*** Opening of Stored data ***

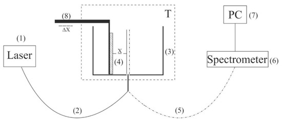 Schematic of the experimental setup for laser luminescence spectroscopy. (1) laser diode; (2) optical fiber; (3) cylindrical cell; (4) Nafion plate; (5) quartz fiber; (6) minispectrometer; (7) computer; (8) stepping motor; T–thermostat.
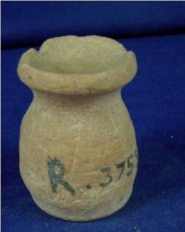 | Description / विवरण | Terracotta tiny jar having narrow neck, broad mouth and thick rim, bulbous body and flat oval base. Incised line designs on it, vertically and horizontally. |
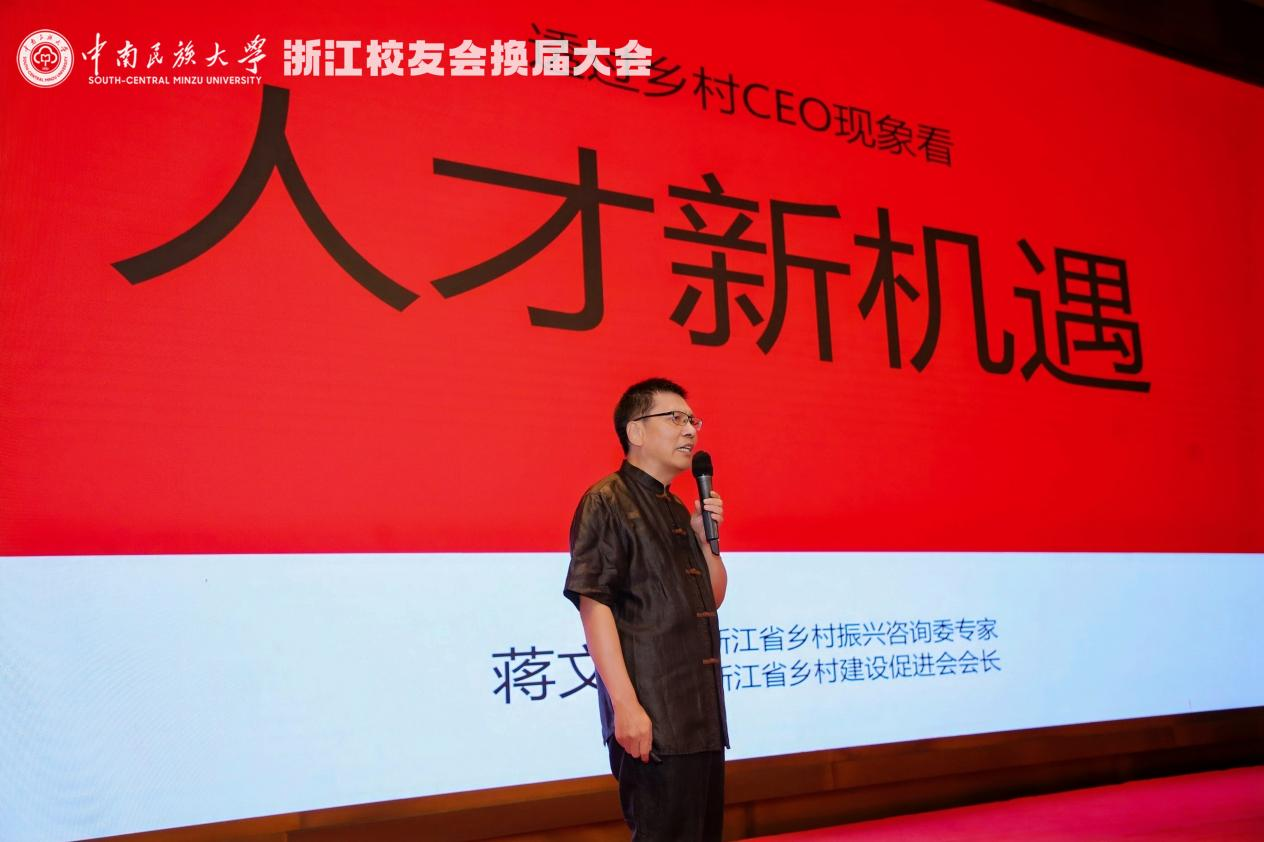 大會還邀請了嘉賓和校友代表為與會校友做了主題分享。浙江盛鄉村建設促進會會長、中國農村合作經濟管理學會鄉村建設專委會秘書長蔣文龍以“透過鄉村CEO現象看人才新機遇”為題分享了浙江鄉村CEO的成功案例。1987級企業管理專業校友蘭國云以“衢州”經驗暢談校企合作發展的新路徑。

*** Close of Stored data ***

Exactly the lines from the line that contains "and horizontally. |" through the last line above, and no other lines, must be output, with pictures excluded.

* **Response**:
 | Description / विवरण | Terracotta tiny jar having narrow neck, broad mouth and thick rim, bulbous body and flat oval base. Incised line designs on it, vertically and horizontally. |
 大會還邀請了嘉賓和校友代表為與會校友做了主題分享。浙江盛鄉村建設促進會會長、中國農村合作經濟管理學會鄉村建設專委會秘書長蔣文龍以“透過鄉村CEO現象看人才新機遇”為題分享了浙江鄉村CEO的成功案例。1987級企業管理專業校友蘭國云以“衢州”經驗暢談校企合作發展的新路徑。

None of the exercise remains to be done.